Heat Vulnerable Residents Contacted During Heat Wave

Multnomah County and the City of Portland will reopen three daytime cooling centers Wednesday afternoon as temperatures are expected to approach 100 degrees for a fourth consecutive day.

Although temperatures have receded from record-setting highs earlier this week, health officials warn that you shouldn’t let your guard down.

Nighttime temperatures have remained warmer than usual, and heat risk remains high. And heat’s most harmful effects are cumulative — especially as a significant heat event lingers.

It’s just as important today to check on loved ones and neighbors. Even a short break from the heat — going to a cooling center or a library, finding shade, or accessing cooling supplies distributed from the County and the Joint Office of Homeless Services’ outreach warehouse — can make a difference. 

To ensure vulnerable people are being contacted, the Department of County Human Services’ Regional Health and Human Services Contact Center has continued direct outreach to hundreds of seniors, clients and property managers.

Beginning on Friday, Aug. 11, the call center identified and reached out to roughly 570 unique property owners or managers, speaking with or leaving messages for 448. The call center’s list was developed by the Multnomah County Health Department and the Portland Housing Bureau, including properties in urban heat islands and with tenants who might be more at risk of heat-related impacts because of their income status and/or age. The County also sent 631 emails with additional information and resources to share with residents.

On Monday, Aug. 14, and Tuesday, Aug. 15, the call center also reached out to 822 households who receive long-term services and support, speaking with 440 and leaving messages with 295. Of those households, 326 speak languages other than English, representing 31 total languages. 

Brendon Haggerty, manager of the Health Department’s Healthy Homes & Communities program, is urging everyone to find an air-conditioned space for even a few hours of relief — whether they are housed or houseless.

People are often reluctant to turn on air conditioning because of the expense. “Air conditioning is life saving,’’ Haggerty said. “It's worth the extra electricity cost during an emergency." 

Here are resources for people who need help with costs:

Cooling centers reopen Wednesday; more than 300 people found respite Tuesday

The three daytime cooling centers that will open again from 1 to 8 p.m. today are:

  • Multnomah County East, 600  N.E. 8th St., Gresham, staffed by Multnomah County employees.
  • Cook Plaza, 19421  S.E. Stark St., Gresham, staffed by Cultivate  Initiatives.
  • Old Town Cooling Center, 435  N.W. Glisan St., Portland, staffed by Do  Good Multnomah.

Lloyd Center will continue to serve as an additional cooling space where the public can come inside and cool off during regular mall hours from 11 a.m. to 7 p.m.

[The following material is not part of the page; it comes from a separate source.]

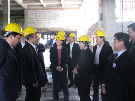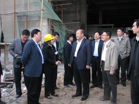上圖為公司總經理李明華(左二)在項目建設現(xiàn)場向市委書記、市人大常委會主任張少軍(前排右二)匯報項目建設情況。

In addition to these sites, many other cool spaces — including Multnomah County libraries, as well as locations operated by community partners — are open throughout the community and in downtown Portland. 

People who don’t have access to a cool place should strongly consider spending time at a cooling center or a cool space listed on this interactive map of libraries, splash pads and other sites.

The three daytime cooling centers will provide food and water in safe, air-conditioned places to hang out. No one will be turned away, and pets are welcome. TriMet will transport anyone going to a cooling space for free. Anyone needing additional transportation help should call 2-1-1.

On Tuesday, Aug. 15, a cumulative total of 335 people found respite at the three cooling centers, up from more than 220 on Monday and 120 on Sunday.

Health officials say 911 calls have been elevated, with close to 400 again on Tuesday, but with 22 specifically related to heat — still short of the level seen during the 2021 heat dome. Emergency department visits are below the levels seen during the extended July 2022 heat wave, health officials also said.

The Multnomah County Medical Examiner’s Program on Tuesday, Aug. 15, reported it is investigating a suspected heat death that occurred Monday, Aug. 14.

The County also reminds people seeking relief in rivers, lakes and streams to stay safe. Toxic algae has been detected on the Willamette River in Portland and waterways at Sauvie Island. The areas affected by the bloom are changing — stretching as of late Tuesday from the Ross Island Lagoon to Cathedral Park. Please avoid swimming and high-speed water activities, such as water skiing or power boating, in those areas.

If you are unsure about the safety of water, when in doubt, stay out. Learn more about how to swim and splash safely.

Multnomah County and the City of Portland both declared states of emergency effective Sunday, Aug. 13, that continue this week, allowing County departments and City bureaus increased flexiblity to respond.